Hm, are you sure this is not a network/switch/disk/something like that problem?
Also, precisely because you have such a large index I'd avoid optimizing the 
index and then replicating it.  My wild guess is that simply rsyncing this much 
data over the network kills your machines.  Have you tried manually doing the 
rsync and watching the machine/switches/NICs/disks to see what's going on?  
That's what I'd do.


Otis
--
Sematext -- http://sematext.com/ -- Lucene - Solr - Nutch



----- Original Message ----
> From: Kyle Lau <k...@biz360.com>
> To: solr-user@lucene.apache.org
> Sent: Friday, May 22, 2009 7:54:53 PM
> Subject: solr machine freeze up during first replication after optimization
> 
> Hi all,
> 
> We recently started running into this solr slave server freeze up problem.

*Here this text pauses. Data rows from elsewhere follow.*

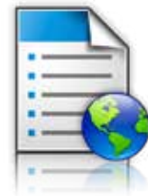
Formularios y favoritos

Las capacidades de soluciones de la serie se combinan con herramientas de gestión de flota de Lexmark, el software empresarial existente y la infraestructura técnica para conformar el ecosistema MFP inteligente de Lexmark. Su adaptabilidad protege a futuro su inversión en tecnología de Lexmark.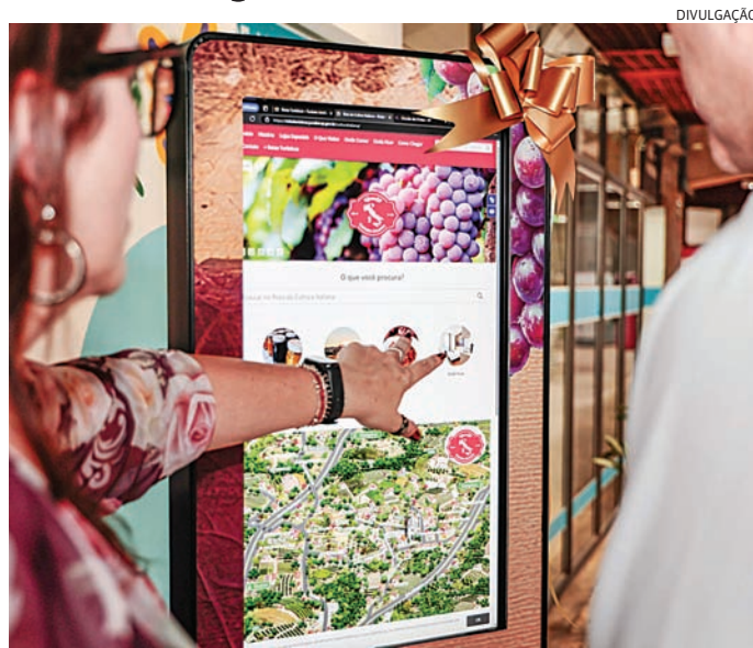
O case ‘Circuito das Frutas’ foi apresentado durante encontro regional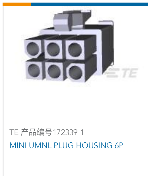
TE 产品编号172339-1 MINI UMNL PLUG HOUSING 6P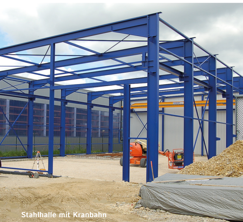
Stahlhalle mit Kranbahn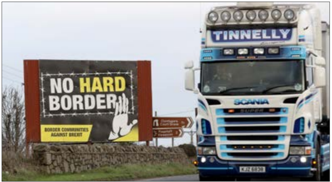
ملصق على الحدود بين إيرلندا الشمالية وإيرلندا يرفض فكرة الحدود بين شطري الجزيرة

بتّجه الناخبون في جمهورية إيرلندا، نهاية هذا الأسبوع، إلى صناديق الاقتراع للإدلاء بأصواتهم، في أجواء لت تسمح بتمكّن حزب واحد من الانفراد بالسلطة، لكن تصاعد شعبية «الحزب القومي الإيرلندي» («شين فين»). على خلفية «بريكست»، قد يمنحه دور «صانع الملوك» المقلد، ويحوّله فرض طلبه إجراء استفتاء، على توحيد شطري الجزيرة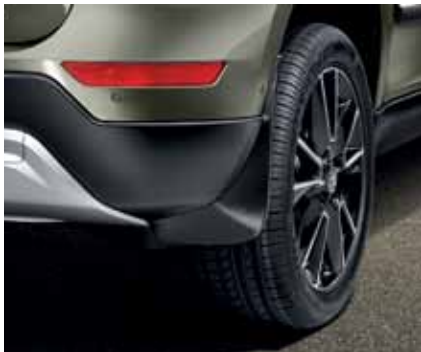
Передняя и задняя ширмы от грязи – 68 €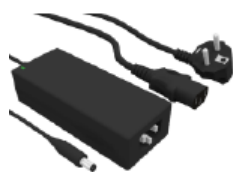
Cable de red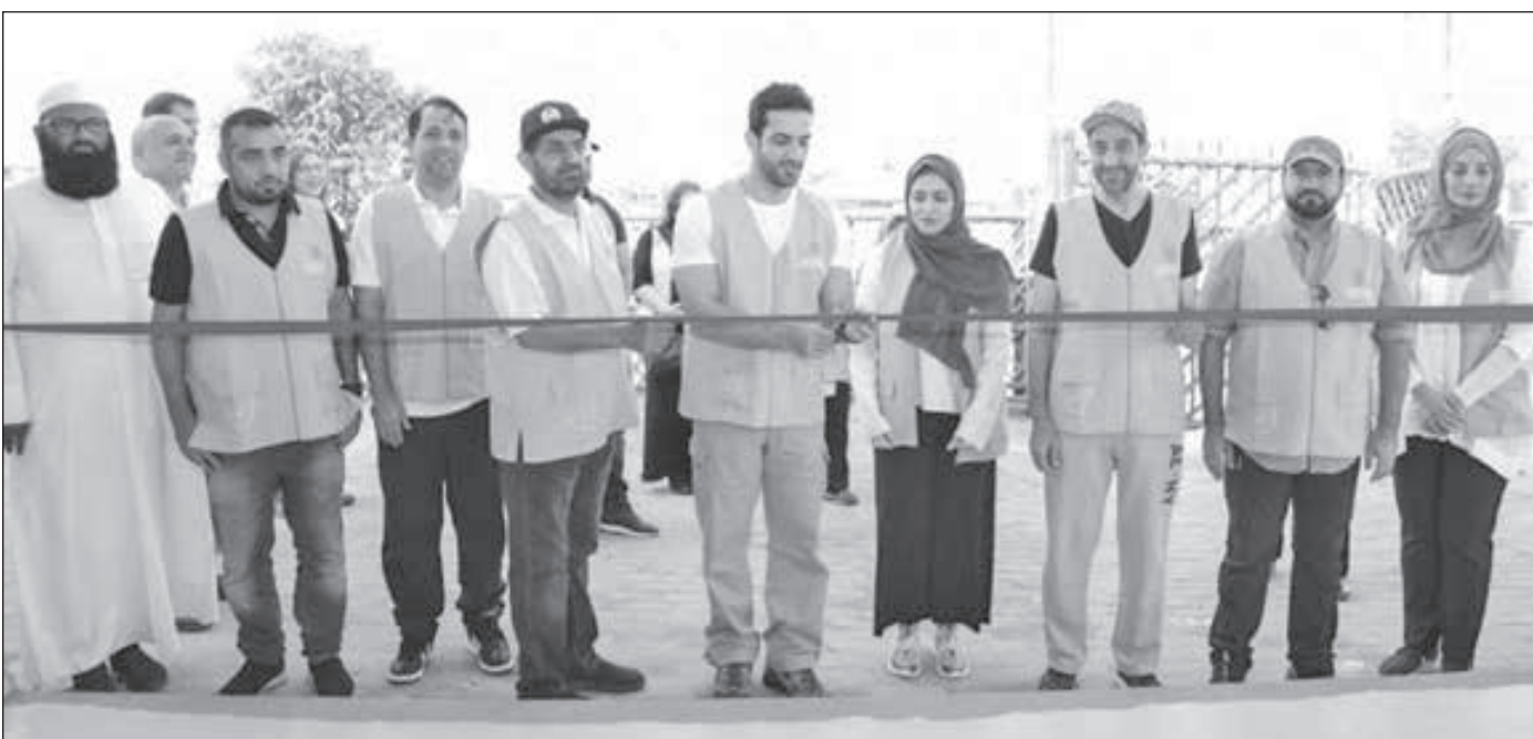
• جانب من افتتاح المستشفى

والرعاية الأولية للاجئين بما في ذلك الصحة الإنجابية وتحسين فرص الحصول على الرعاية الصحية الجيدة للأمهات والأطفال، من خلال توفير خدمات التوليد الطارئة ورعاية المواليد الجدد وخدمات علاج العنف الجنسي بفرق طبي وإداري وتوعوي من منظمة أطباء بلا حدود إلى جانب الكادر المحلي من المواطنين البنغاليين ولاجئي الروهينغا. وتفقد الشيخ سلطان بن أحمد القاسمي والوفد المرافق له عقب الافتتاح أقسام المستشفى واستمع إلى شرح حول الخدمات الطبية التي يقدمها المستشفى.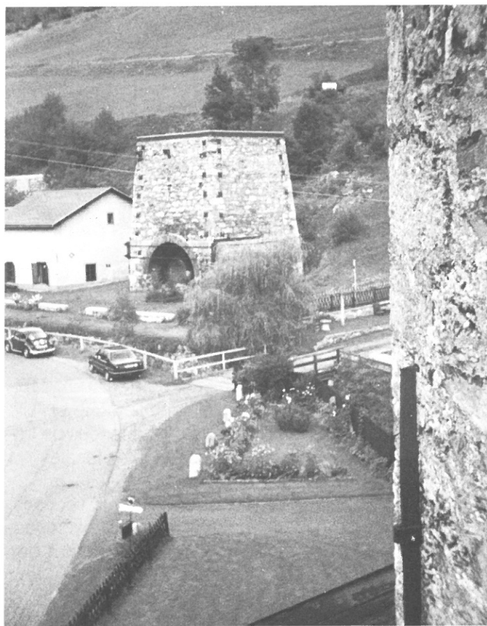
Ancien haut- fourneau de Vordernberg (19 e siècle)

L'accès du grand public ne doit pas tuer l'archéologie industrielle — tout le monde est bien d'accord là-dessus — mais, comme le disait un rapporteur anglophone: «We cannot afford purity always». D'autre part, le poids de l'opinion publique en vue d'influencer les autorités dans le sens d'une politique de conservation est essentiel dans le contexte d'une civilisation des loisirs.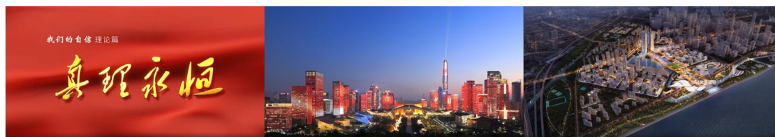
十九大“我们的自信”系列之“真理永恒”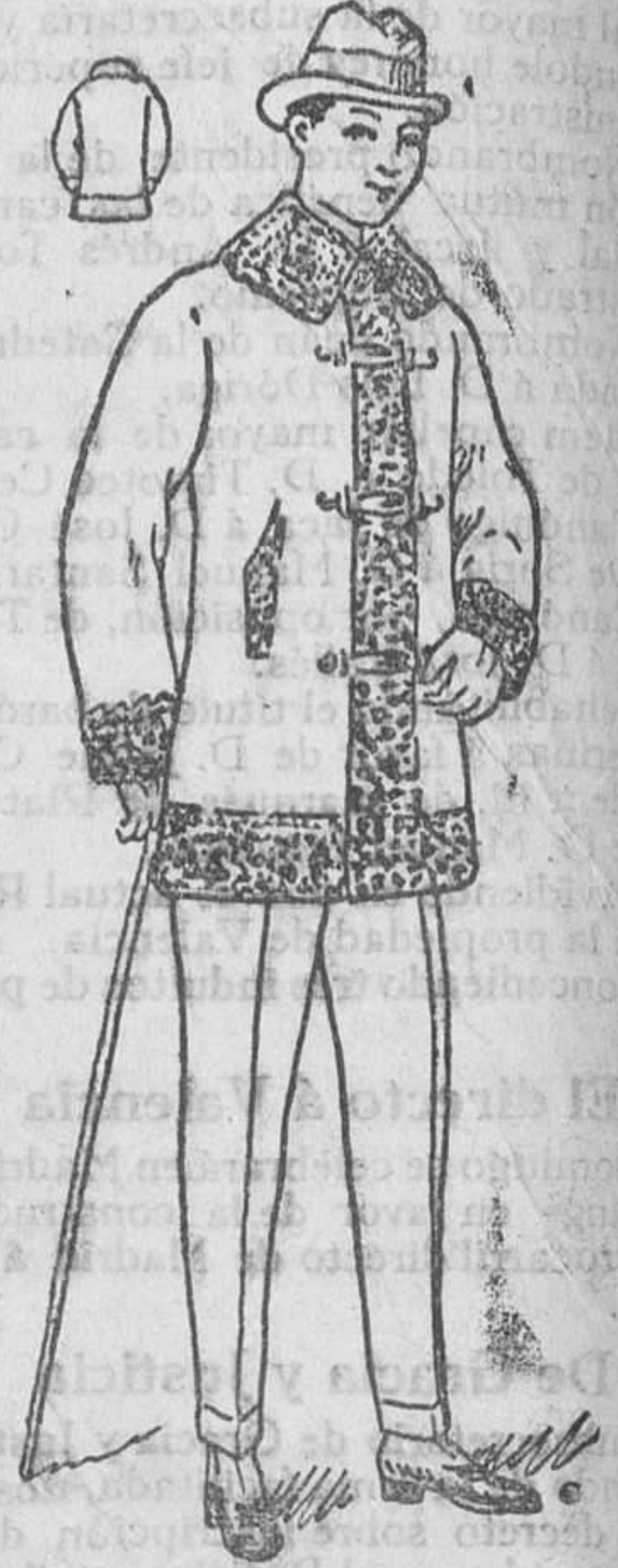
Pelizas de paño arrasado, cuello y mangas de rizo, desde 30 á 75 pesetas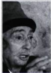
LE DERNIER DALI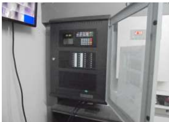
รูปที่ 23 ตู้ควบคุมระบบเตือนภัย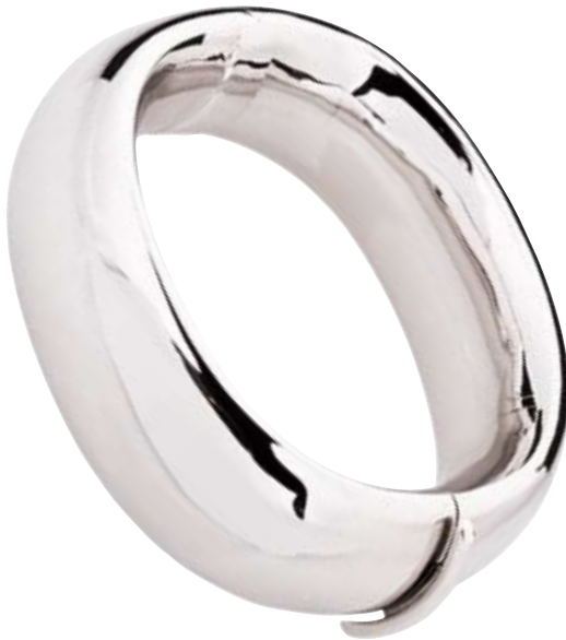
ARMREIF 750/- Weißgold € 6.000,-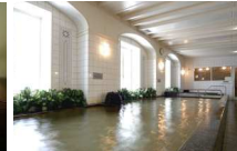
スカイスパ「サラ・テレナ」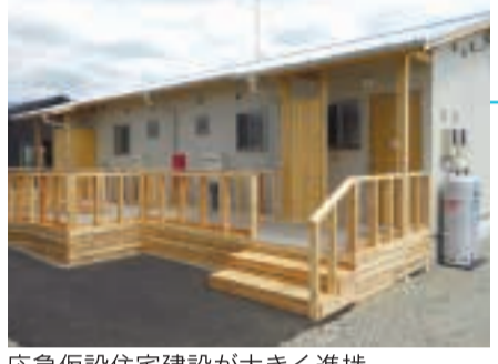
応急仮設住宅建設が大きく進捗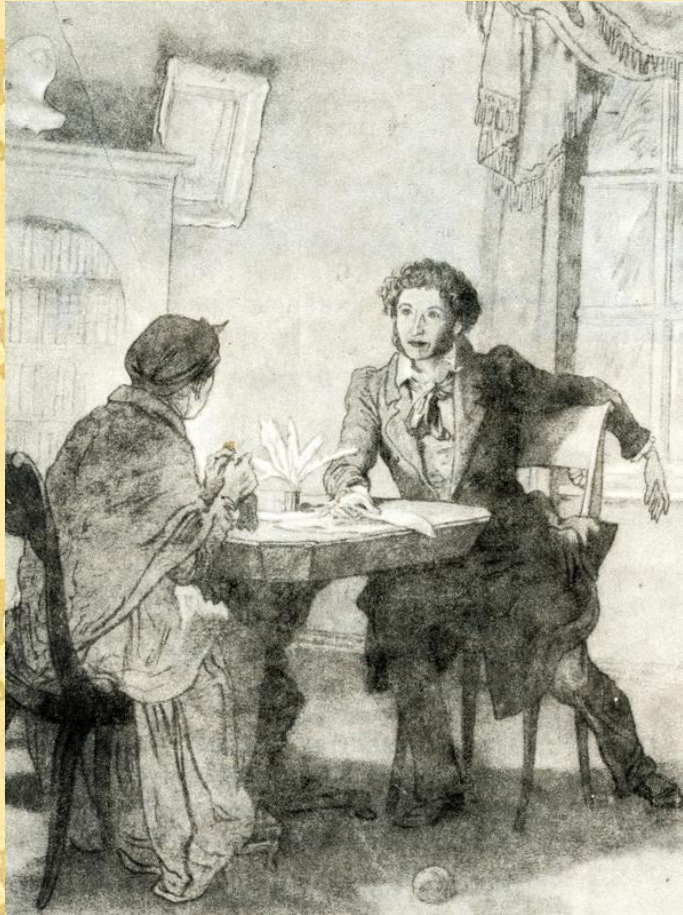
Иллюстрация к стихотворению «Зимний вечер»

Забота и любовь Арины Родионовны скрашивали поэту ссылку. Пушкин по-настоящему крепко любил свою няню и написал несколько трогательных стихотворений, к ней обращенных.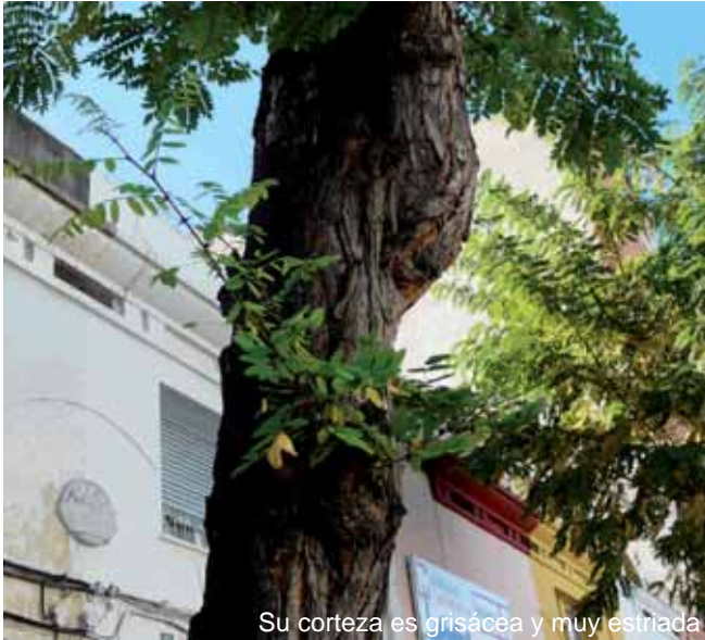
Su corteza es grisácea y muy estriada

donde proceden los ejemplares que se encuentra en el Retiro y en Aranjuez.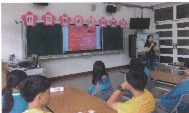
成果照片：愛滋防治宣導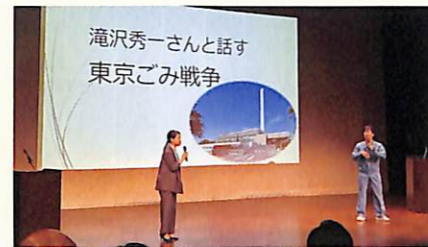
トークセッション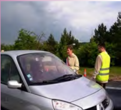
Manifestation au péage de Dourdan le 14 mai 2009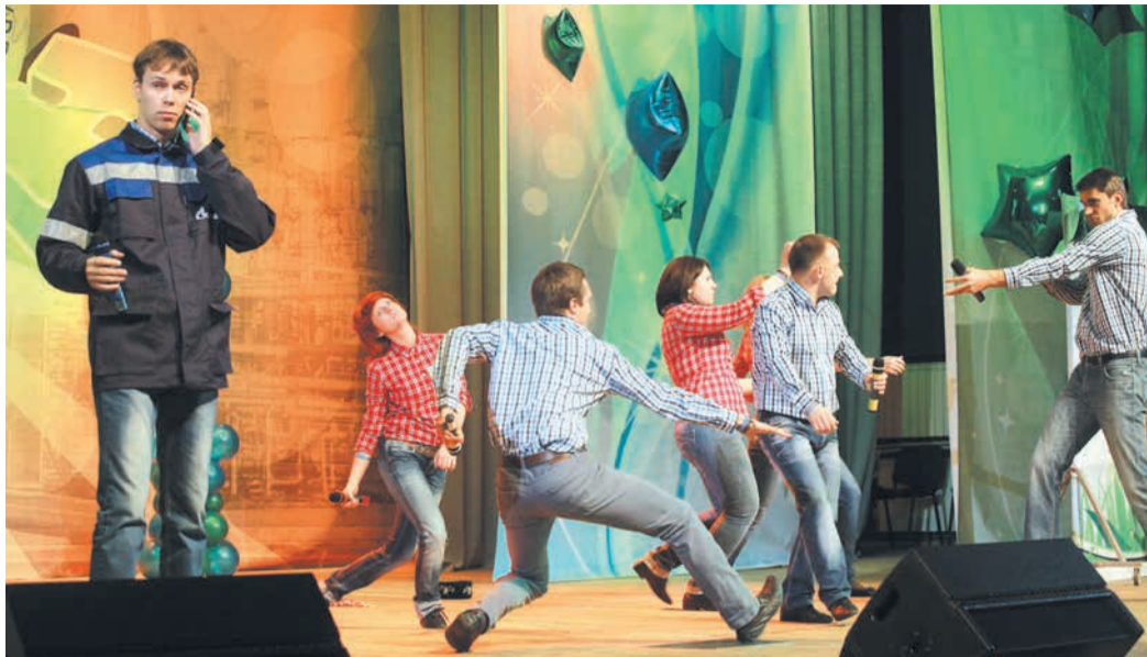
В «13-й зарплате» переполох — прибыла очередная проверка сверху

И первый же конкурс, «визитка», преподнес сюрприз. Высшую оценку в нем заслужили дебютанты финала, ребята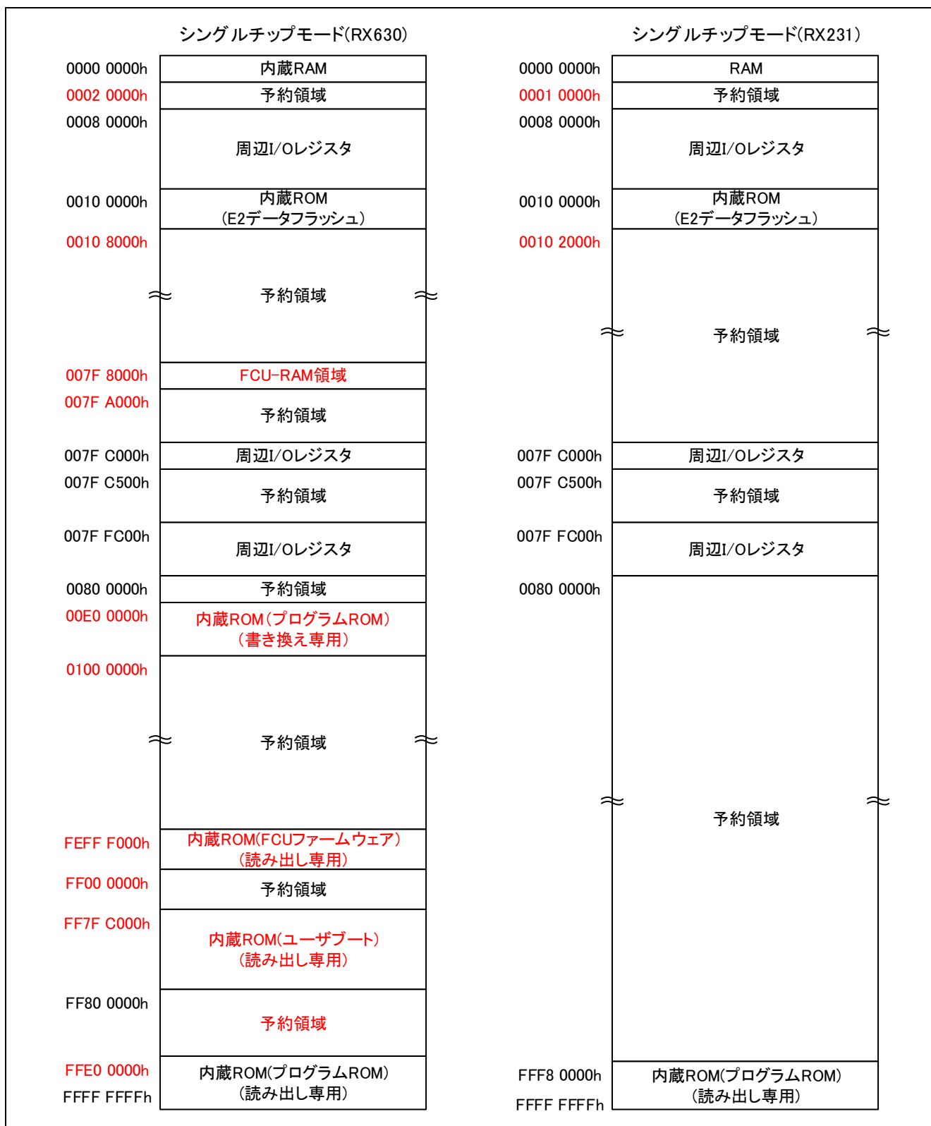
図2.1 メモリマップ比較 (シングルチップモード)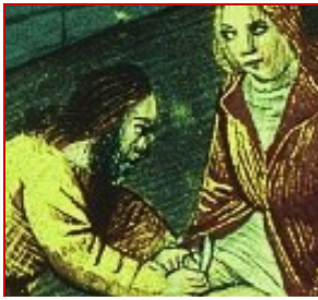
Les chrétiens évoquent la circoncision d'Isaac, même s'ils ont eux-mêmes renoncé à ce rituel.

Après avoir quitté sa ville d'Ur en Chaldée, Abraham donne une nouvelle preuve de son obéissance à Dieu : il pratique la circoncision sur lui-même, puis sur ses fils, et engage l'ensemble de sa descendance à pratiquer le même rituel. La circoncision devient ainsi le signe charnel de l'Alliance entre Dieu et son peuple.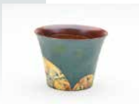
【審査員賞】 金 知瑞 / Tropea Sunset (漆・陶土・金箔・銀箔 / ろくろ・漆焼き付け)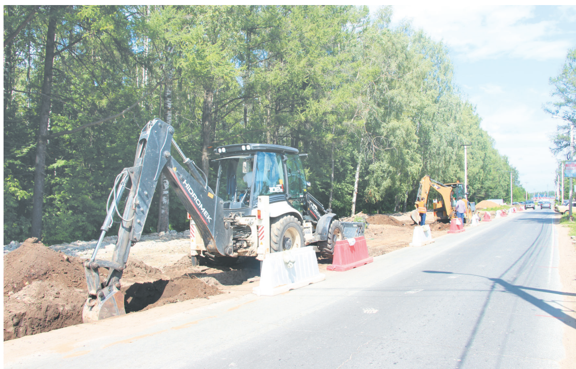
Ведется расширение 1-й линии в Янино-1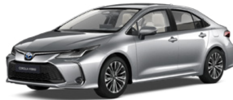
1L0 Palladium ezüst* 190 000 Ft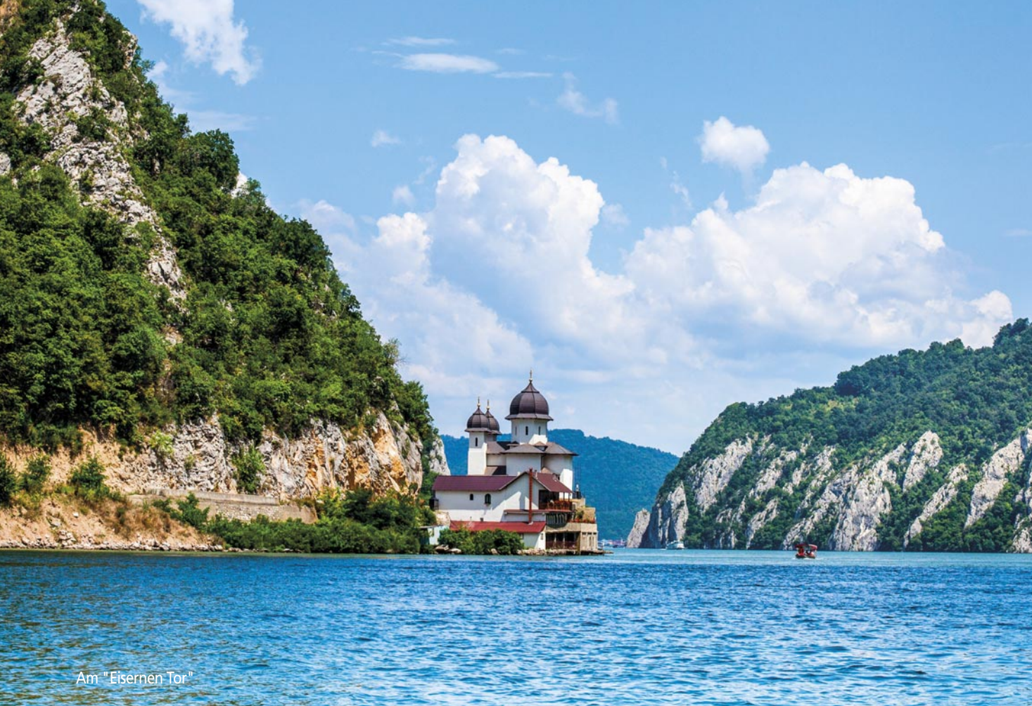
Am "Eisernen Tor"

> After looking into the logs and the timing of such occurrences, it seems
> that the problem always follows the first replication after an
> optimization.  Once the server freezes up, we are unable to ssh into it, but
> ping still returns fine.  The only way to recover is by rebooting the
> machine.
> 
> In our replication setup, the masters are optimized nightly because we have
> a fairly large index (~60GB per master) and are adding millions of documents
> everyday.  After the optimization, a snapshot happens automatically.  When
> replication kicks in, the corresonding slave server will retrieve the
> snapshot using rsync.
> 
> Here is the snappuller.log capturing one of the failed pull and one
> successful pull before and after it:
> 
> 2009/05/21 22:55:01 started by biz360
> 2009/05/21 22:55:01 command: /mnt/solr/bin/snappuller ...
> 2009/05/21 22:55:04 pulling snapshot snapshot.20090521221402
> 2009/05/21 22:55:11 ended (elapsed time: 10 sec)
> 
> ##### optimization completes sometime during this gap, and a new snapshot is
> created
> 
> 2009/05/21 23:55:01 started by biz360
> 2009/05/21 23:55:01 command: /mnt/solr/bin/snappuller ...
> 2009/05/21 23:55:02 pulling snapshot snapshot.20090521233922
> 
> ##### slave freezes up, and machine has to be rebooted
> 
> 2009/05/22 01:55:02 started by biz360
> 2009/05/22 01:55:02 command: /mnt/solr/bin/snappuller ...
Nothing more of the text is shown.